Буддо взглянул на него и сразу посерьезнел. Подошел, наклонился и поднес кружку с водой.

– Ну, ну, – сказал он успокаивающе и слегка похлопал его по плечу. – Не надо так! Не надо! Вот выпейте-ка! Ай, беда. Вот уж правда беда! И откуда она взялась на нашу голову? Иван Грозный, что ли, ее с собой нам оставил, или татары проклятые занесли? Ведь и не объяснишь, и не расскажешь!

И он стал рассказывать.

…Возникло это странное чудище в 1934 году. Тогда в постановлении ВЦИК «Об образовании общественного НКВД» (то есть органа конституционного и постоянного) взамен ликвидируемого ГПУ (органа временного и чрезвычайного) говорилось следующее:

5. Судебную коллегию ОГПУ – упразднить.

6. НКВД СССР и его местным органам дела по расследуемым ими преступлениям по окончании следствия направлять в судебные органы по подсудности в установленном (каком?) порядке…

8. При НКВД СССР организовать Особое совещание, которому на основе положения о нем (каком? Господи, каком же все-таки?) предоставлять право применять в административном порядке высылку, ссылку, заключение в исправительно-трудовые лагеря на срок до 5 лет и высылку за пределы СССР[5].

Калинин, Енукидзе. Москва, Кремль, 10 июля 1934.

Так выглядело первое и, кажется, чуть не единственное сообщение об Особом совещании в печати. Упоминалось же оно официально (если не считать речей Вышинского), кажется, всего еще один раз – в обвинительном акте об убийстве С. М. Кирова. Тогда дела одних обвиняемых прокуратура направляла в военную коллегию (это значило – расстрел в 24 часа без обжалования и помилований), а дела других – «за отсутствием состава преступления» вот в это самое Особое совещание. Подписал эти обвинительные заключения А. Я. Вышинский, а составил Лев Романович Шейнин.

Вот, кажется, и все упоминания в официальной печати об ОСО.

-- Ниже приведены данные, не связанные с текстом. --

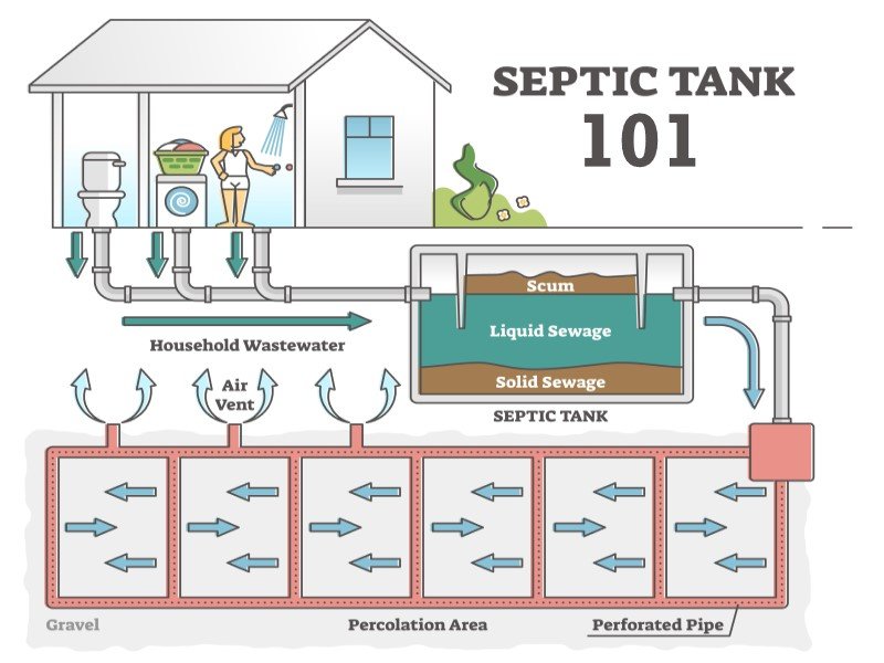- Septic Tank (Primary Treatment): Wastewater flows into the septic tank. Solids separate from liquids: heavy solids sink to form sludge, and lighter materials form a scum layer on top. Anaerobic bacteria begin to break down organic matter.

А вообще-то оно даже как бы и не существовало вовсе. Люди, составляющие эту страшную, всемогущую и совершенно безответственную тройку (их, кажется, было, точно, трое), не имели ни фамилий, ни званий, ни должности. Они были – ОСО. Ни один из осужденных не видел их подписи под приговором. Ему никогда не оставляли приговор для обжалования. Потому что не было ни приговора, ни обжалования. Был аккуратный бланк формата почтовой открытки. Вот примерно такой:

Выписка из протокола заседания Особого совещания

от…

Слушали :

Об антисоветской деятельности Иванова Петра Сидоровича (год, место рождения).

Постановили :

Осудить за антисоветскую деятельность Иванова Петра Сидоровича (год, место рождения) на пять лет лишения свободы с отбыванием в Свитлаге[6].

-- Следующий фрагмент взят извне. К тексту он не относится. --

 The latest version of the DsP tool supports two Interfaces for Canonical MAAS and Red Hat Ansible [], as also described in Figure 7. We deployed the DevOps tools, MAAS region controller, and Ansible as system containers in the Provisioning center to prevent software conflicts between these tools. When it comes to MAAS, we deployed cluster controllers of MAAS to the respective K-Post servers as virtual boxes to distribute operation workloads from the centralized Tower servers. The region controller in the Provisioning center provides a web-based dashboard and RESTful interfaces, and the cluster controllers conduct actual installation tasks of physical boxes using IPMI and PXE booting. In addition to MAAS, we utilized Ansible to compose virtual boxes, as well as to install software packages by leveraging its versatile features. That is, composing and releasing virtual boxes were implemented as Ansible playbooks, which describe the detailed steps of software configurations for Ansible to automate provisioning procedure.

Выписка верна – (закорючка)

«Подпишитесь на обороте, что читали, – ласково говорил офицер, предъявляя эту шпаргалку, – и вот еще раз на копии… Спасибо!» – и прятал бумажку в папку. Осужденного уводили, и с этого момента для него начинался лагерь – тачка[7].

Но этот детский срок – пять лет в Свитлаге – существовал очень недолго. Потом машина ОСО стала набирать мощность, колесо завертелось, сроки заскакали: восемь лет, десять, пятнадцать, двадцать, двадцать пять! А потом сроки исчезли вовсе, и начались расстрелы (это, правда, уже во время войны). А форма оставалась такой же – «слушали – и постановили» и «распишитесь на обороте». Вот и все[8].

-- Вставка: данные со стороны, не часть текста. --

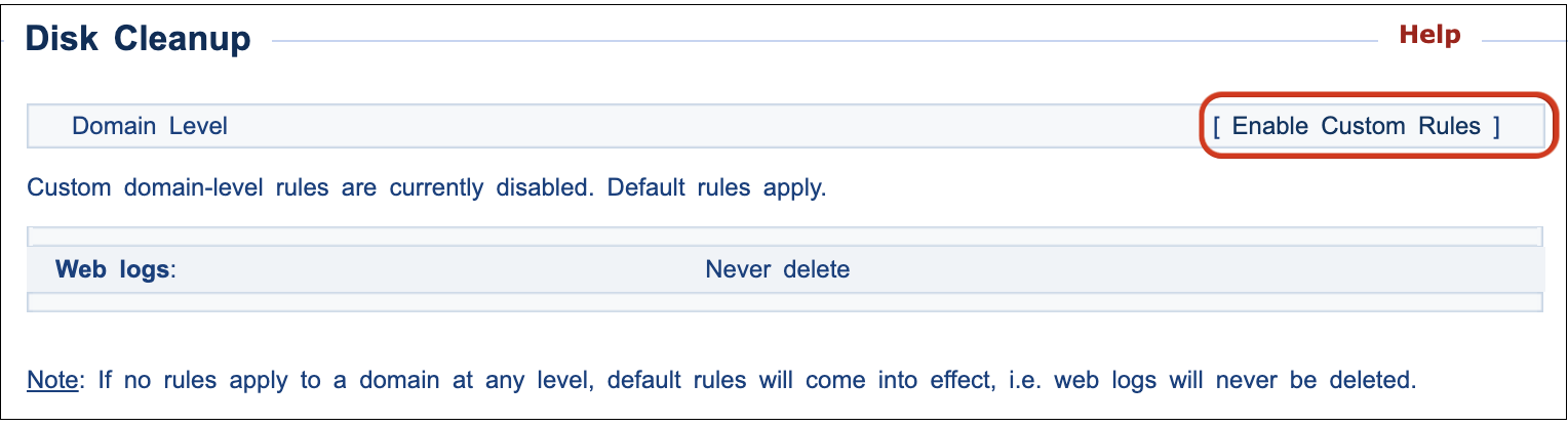 - If no rules have been specified for a domain at any level, the default setting is for web logs to never be deleted.
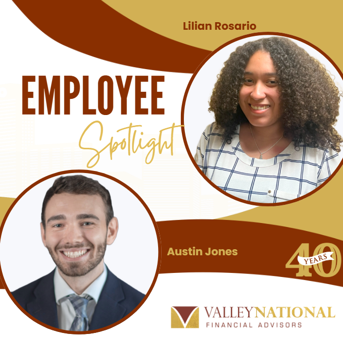 As we commemorate 40 years of service at Valley National Financial Advisors, we celebrate the exceptional people behind our success. This week, we recognize Austin Jones and Lilian Rosario, two outstanding professionals who help shape the client experience at VNFA. Austin and Lilian have been part of the VNFA family for 1 year.

Но если для этой таинственной троицы ОСО не существовало ни доказательств, ни судебного следствия, ни свидетелей, ни допроса подсудимого, ни статей закона, ни закона, – словом, всего того, что делает суд судом, а убийство убийством, если, далее, верша все самое тяжкое, ОСО не боялось ни прокурора, ни надзора, ни закона, ни государства, ни собственной совести – потому что оно само уже было всем этим законом, прокурором, судом и государственной совестью и государством, то была все-таки некоторая малость, некая видимость законности, с которой ОСО считалось, ибо без нее существовать не могло. А звалась эта малость в разное время по-разному: с материальной стороны это была «спецзаписка» и «меморандум», а с политической – «изоляция» и «укрепление морально-политического единства советского народа».

И это не Иван Грозный нам оставил, не татары занесли, а мы сами на себя выдумали и взлелеяли. Самое же название ОСО, точно, получили по наследству от полицейского государства Александра III. Именно таким Особым совещанием, «образованным согласно статье 34 Положения о государственной охране» при Министерстве внутренних дел, был в свое время осужден на ссылку[9] некий Иосиф Джугашвили, как потом оказалось, человек с короткой памятью на все доброе и с великолепной, истинно творческой на все злое и страшное. Правда, в те годы, чтоб сослать на поселение хотя бы того же Джугашвили, потребовалось ни много ни мало, а личная подпись императора – «согласен», сейчас же ровно ничего не требовалось, кроме толстого засургученного пакета из плотной бумаги. Но пакет этот в дело не входил, а только прилагался к нему. Что находилось в этом пакете, никто не знал, ни подсудимый, ни даже военный прокурор, дававший санкцию на отправление этого пакета в Москву. Ему просто сообщалось в общей форме о содержании пакета. Подследственному же вообще ничего – не его ума это было дело.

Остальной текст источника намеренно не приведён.